The “ordinary Briton,” endlessly invoked by politicians, embodies this inversion. Once a figure of quiet dignity, he is now a cipher of resentment - a moral placeholder defined by who he is not. Against him stand the cosmopolitan, the migrant, the elite. Populism does not reject individualism; it weaponises it. It converts private frustration into public hostility. The self remains the protagonist, but now as victim, not hero.
Britain has become a country of paradoxes: connected yet isolated, vocal yet unheard, proud yet hollow. We celebrate diversity while recoiling from difference. We worship freedom but mourn community. What ties these contradictions together is a culture that taught its people to measure worth in separation.
Decades of individualist storytelling have left us materially rich but spiritually poor. Even compassion has become conditional - filtered through the question of deservingness. Are the poor working hard enough? Are the migrants legal enough? Are the unemployed trying enough? Care has been replaced by audit; mercy by metrics.
The cost is visible in statistics that read like a national obituary. Loneliness afflicts one in seven Britons. Trust in institutions - and in each other - has collapsed. The welfare state, once an expression of collective decency, has become a bureaucratic labyrinth policed by suspicion. “Community” survives mostly as nostalgia, not practice.
Zygmunt Bauman once warned that individualisation without solidarity creates “freedom’s corpse: the right to be alone.” Britain is living among its remains. Populism feeds on this emptiness - not as a cause, but as a symptom. It offers belonging without mutuality, the illusion of community sustained by shared outrage. It feels like fellowship but functions as a fracture.
We call it polarisation, but the divide is moral, not ideological. On one side stand those who believe society still exists - that citizenship entails obligation. On the other hand, those who believe every person stands alone, answerable only to the market or to fate. This fracture cuts through parties, generations, even families. It shapes how we see welfare, migration, taxation - not as policies, but as parables of virtue and vice.
And in the absence of a shared moral story, politics becomes theatre - a contest not of vision but of blame. The right calls the left naïve; the left calls the right cruel. The centre, drained of conviction, speaks only in managerial platitudes about competence. What vanishes in this quarrel is meaning.
Repair will not come from management. It demands a reimagining of moral community - a rediscovery of what freedom owes to fellowship. The task is not to resurrect the solidarity of the past but to invent one that fits the plurality of the present.

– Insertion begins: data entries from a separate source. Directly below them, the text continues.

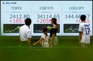 FOTO DE ARCHIVO-Transeúntes miran un tablero electrónico fuera de una correduría en Tokio, Japón. 6 de agosto de 2024. REUTERS/Willy Kurniawan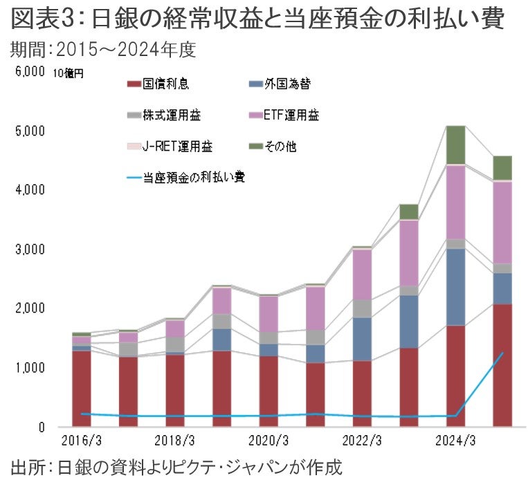 一方、政策金利を上げる際には、同時に当座預金の付利金利を引き上げなければならない。0.5%の利上げだと、単純計算で年間2兆7千億円程度、利払い費が増加する。予見が困難な外貨差益を除けば、国債からの受取利息やETFの配当金などを合わせ、日銀の経常収入は4兆円程度がベースだ。政策金利を1%へ引き上げると、経常収支は赤字になるだろう(図表3)。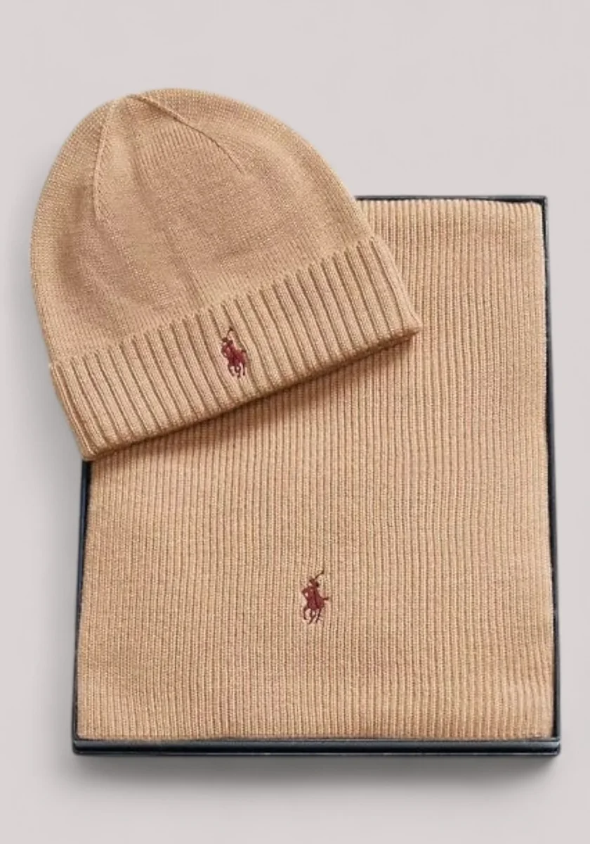 ACCESSORI UNISEX KIT BERRETTO E SCIARPA MERINOS CAMMELLO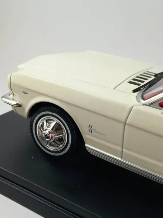 Ford Mustang Convertible de 1965. Modelo coleccionable de metal a escala 1:24. El coche es blanco mate con interior rojo. Nunca se ha abierto. Se entrega en su blíster original. Ideal para coleccionar o decorar. Mide 20 cm de largo. Se realizan envíos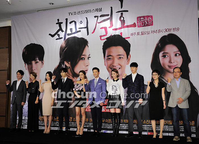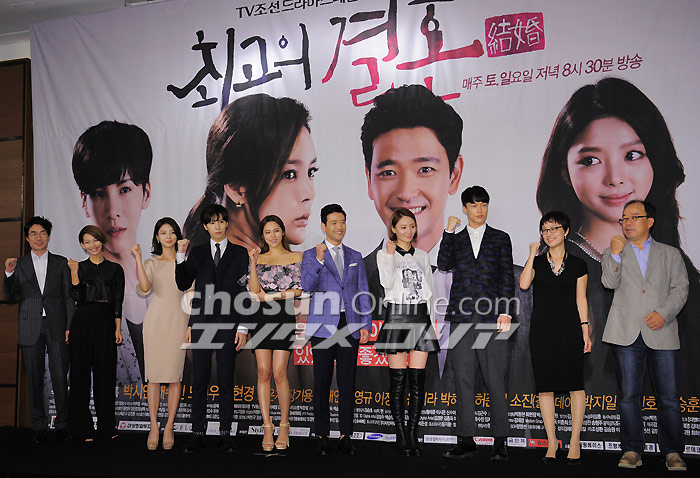 『最高の結婚』制作発表会 ソウル市永登浦区のホテル「コンラッド・ソウル」で22日午後、ドラマ『最高の結婚』の制作発表会が行われ、俳優ソン・ヨンギュ、チョン・エヨン、オム・ヒョンギョン、ノ・ミヌ、パク・シヨン、ペ・スビン、チョ・ウンジ、チャン・ギヨン、コ・ユンヒ脚本、オ・ジョンロク演出(左から)が出席した。 イ・デドク記者 朝鮮日報日本語版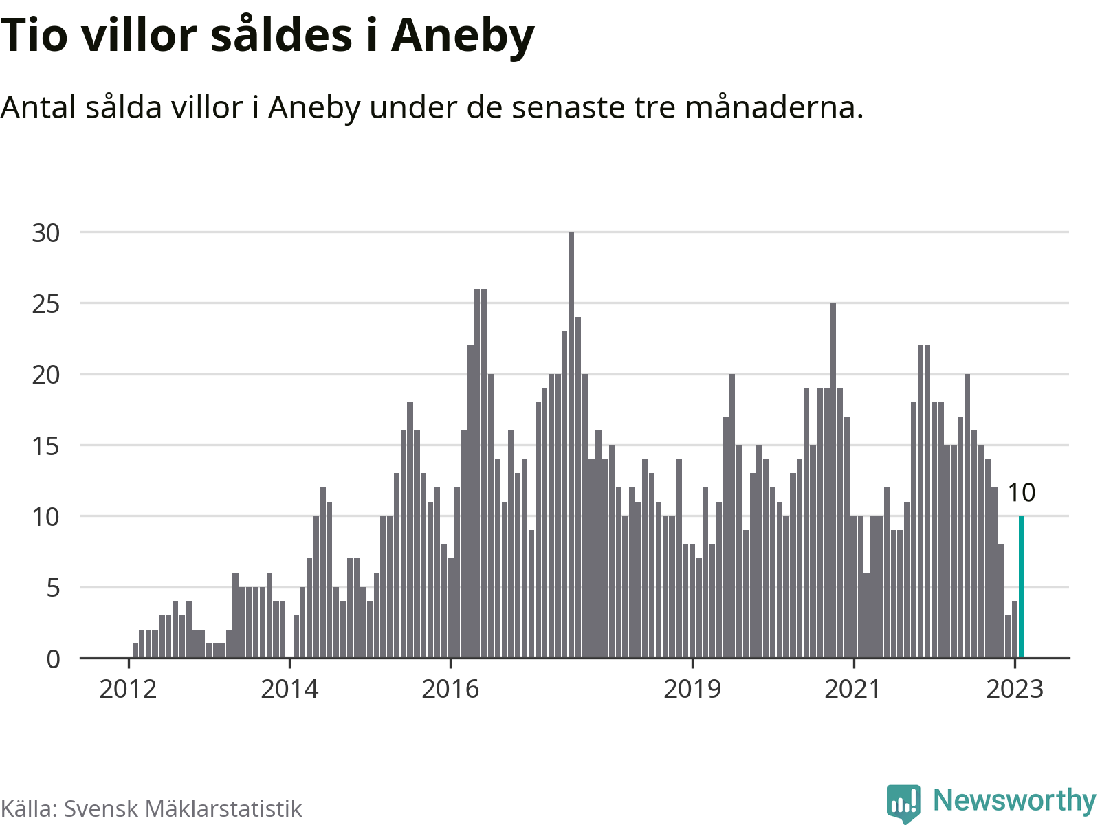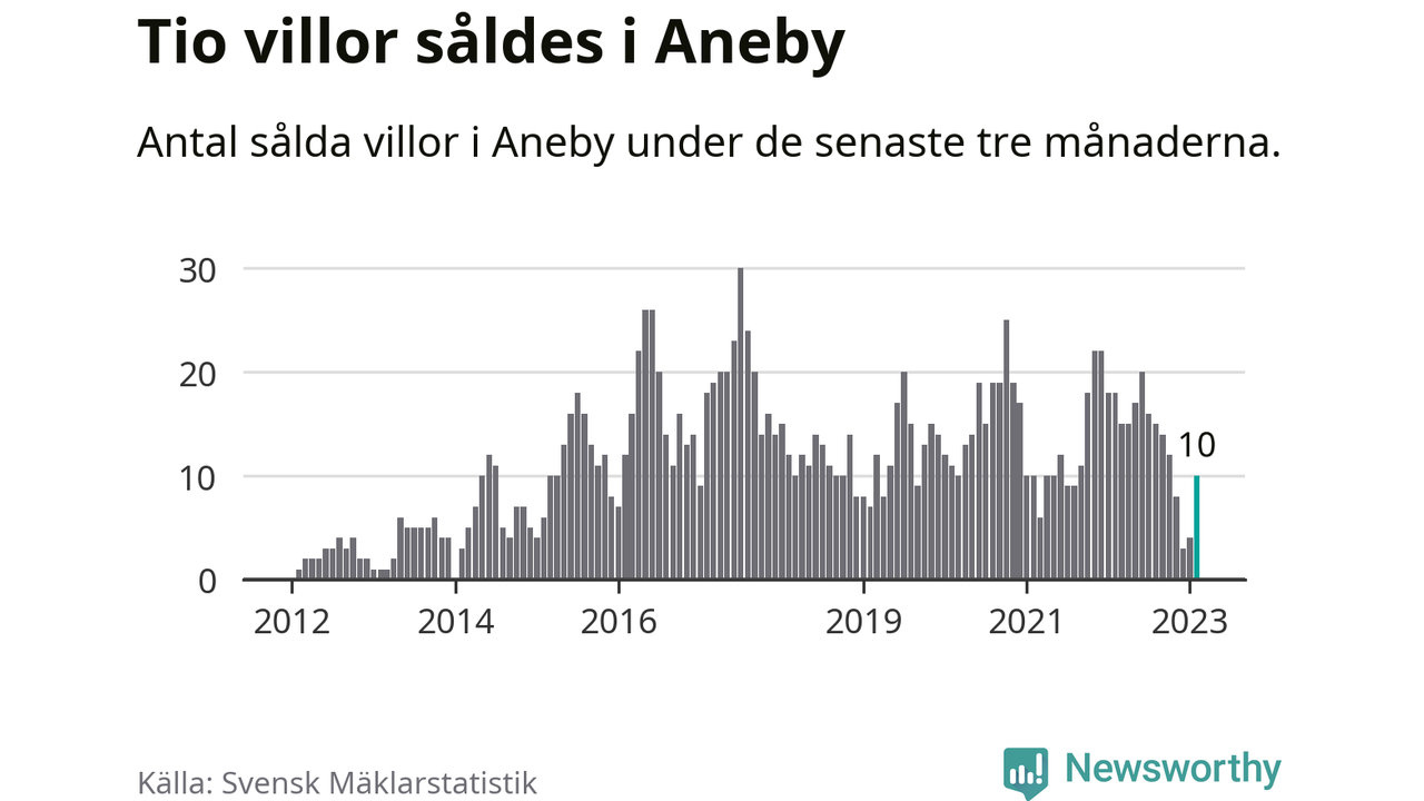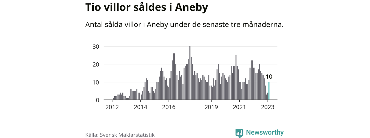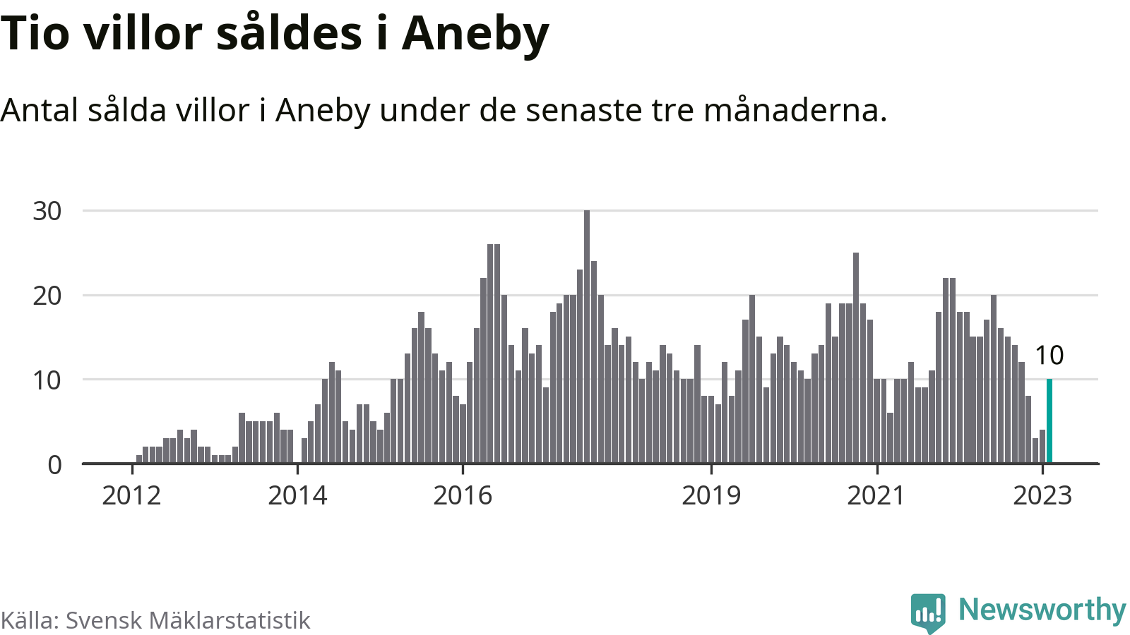 Mellan december och februari gjordes sammanlagt tio affärer med villor i Aneby kommun. Det kan jämföras med 18 vid motsvarande tid i fjol.

It begins with language. When politicians speak of “hardworking families,” they imply that only certain lives are worthy of protection. When newspapers call strikes “chaos,” they turn collective action into a menace. The vocabulary of empathy has been replaced by the syntax of efficiency. To notice this is the first step toward renewal.

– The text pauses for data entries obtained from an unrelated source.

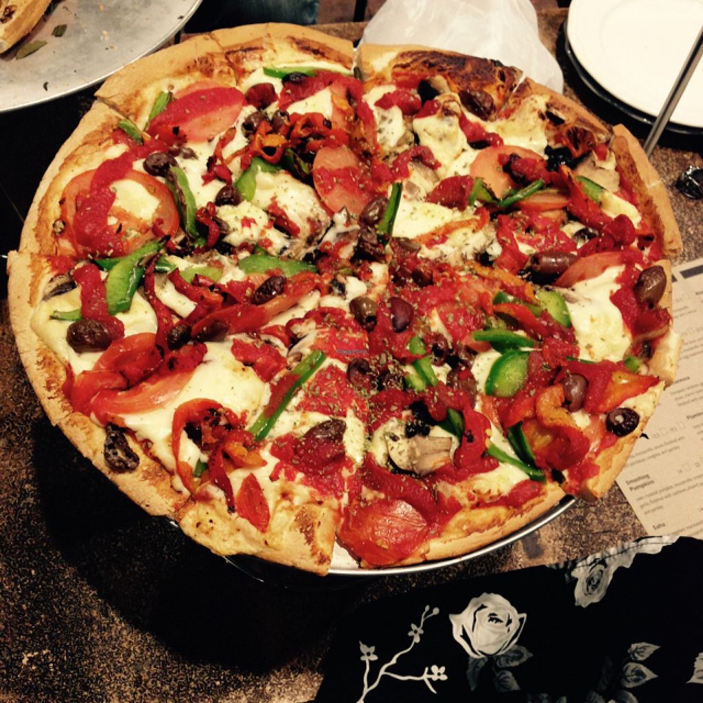 Farmers market pizza with vegan soy cheese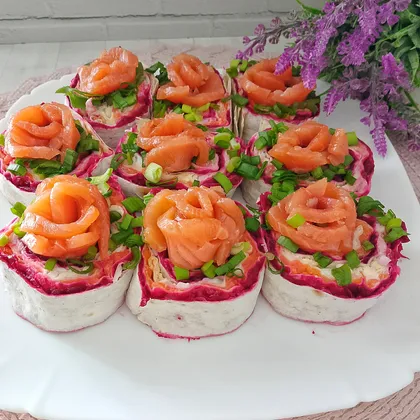 Необычная "шуба" в лаваше с форелью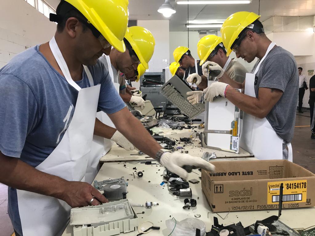 En las plantas de RAEEs, las personas privadas de su libertad reciclan este tipo de desechos separando los reutilizables como televisores, computadoras, impresoras, periféricos, etc., entregándolos a distintas instituciones; mientras que los no utilizables como cobre, estaño, distintos metales, baterías, carcasas, etc., son tratados con su debido proceso.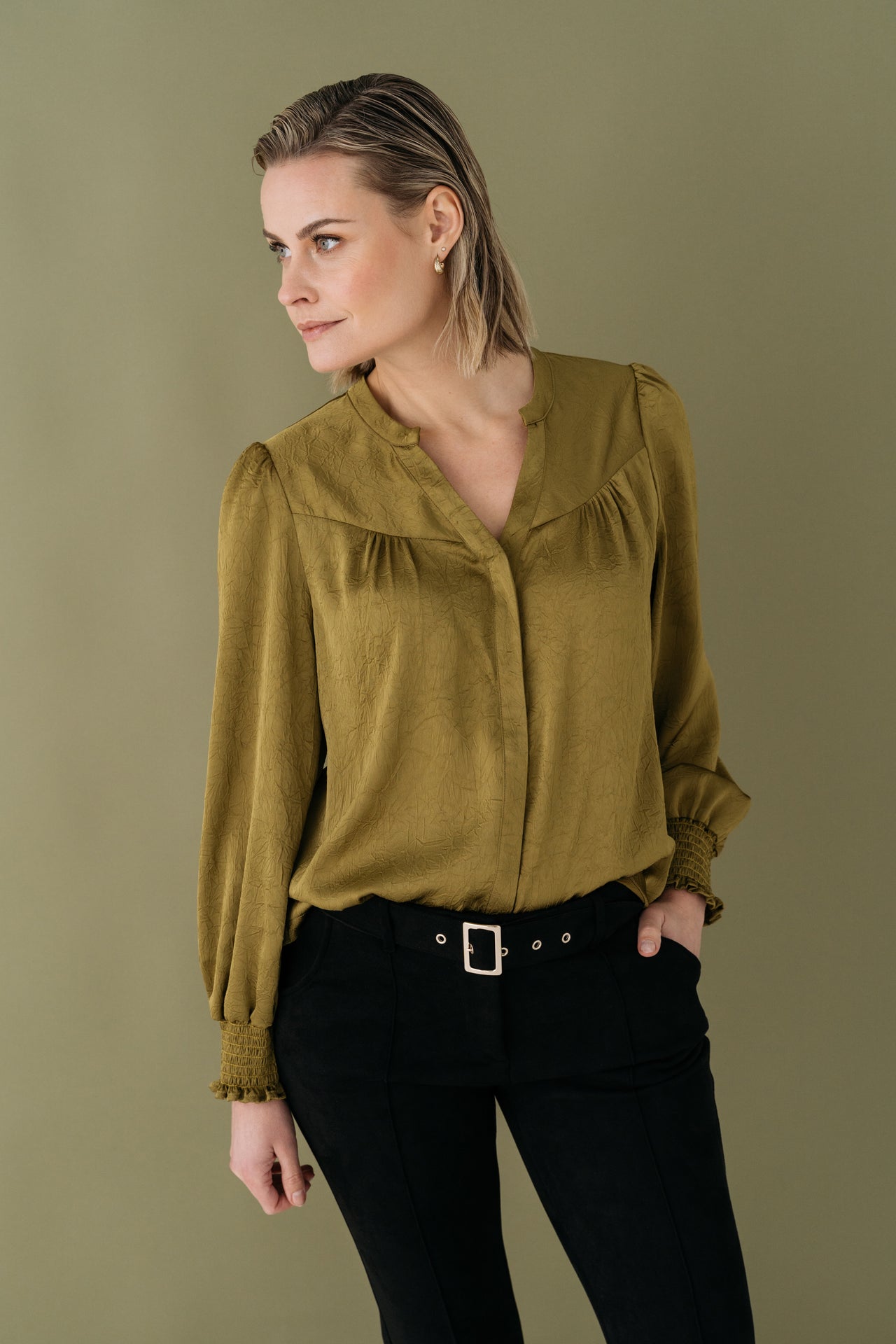 De Pia Broek in de kleuren Black, Navy, en Apple Cinnamon is een veelzijdig en stijlvol item uit de FALL 2025 collectie. De light gold details geven de broek een luxe en verfijnde uitstraling, perfect voor zowel casual als chique looks.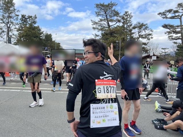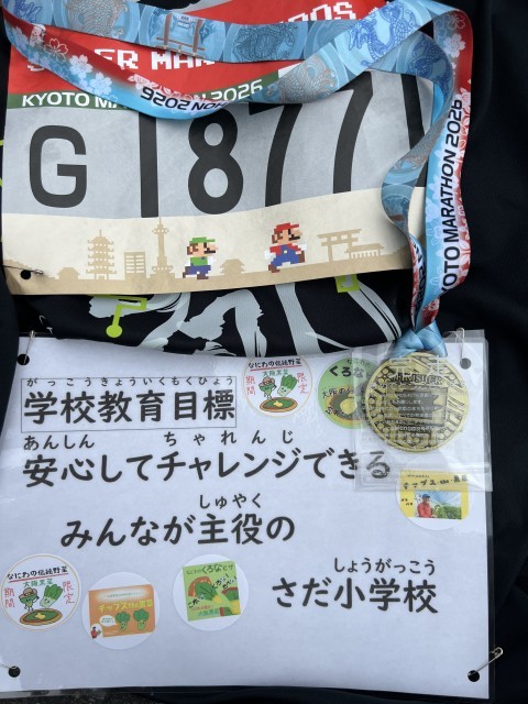 学校教育目標「安心してチャレンジできるみんなが主役のさだ小学校」を背負って42.195キロなんとか完走できました。

We need new words for connection - not the sentimental unity of slogans, but an honest grammar of interdependence. Freedom must be redefined not as escape from others, but as participation with them. A moral society does not eliminate conflict, but one that contains it within a fabric of care.
Britain’s populism is not just rebellion against elites; it is rebellion against loneliness, the spiritual crisis of a culture that mistook independence for meaning. The market can measure price but not purpose. The nation can guard borders but not belonging. To speak again of society is not nostalgia. It is resistance against the slow unravelling of a story that once bound us together, and against the lie that we can live alone.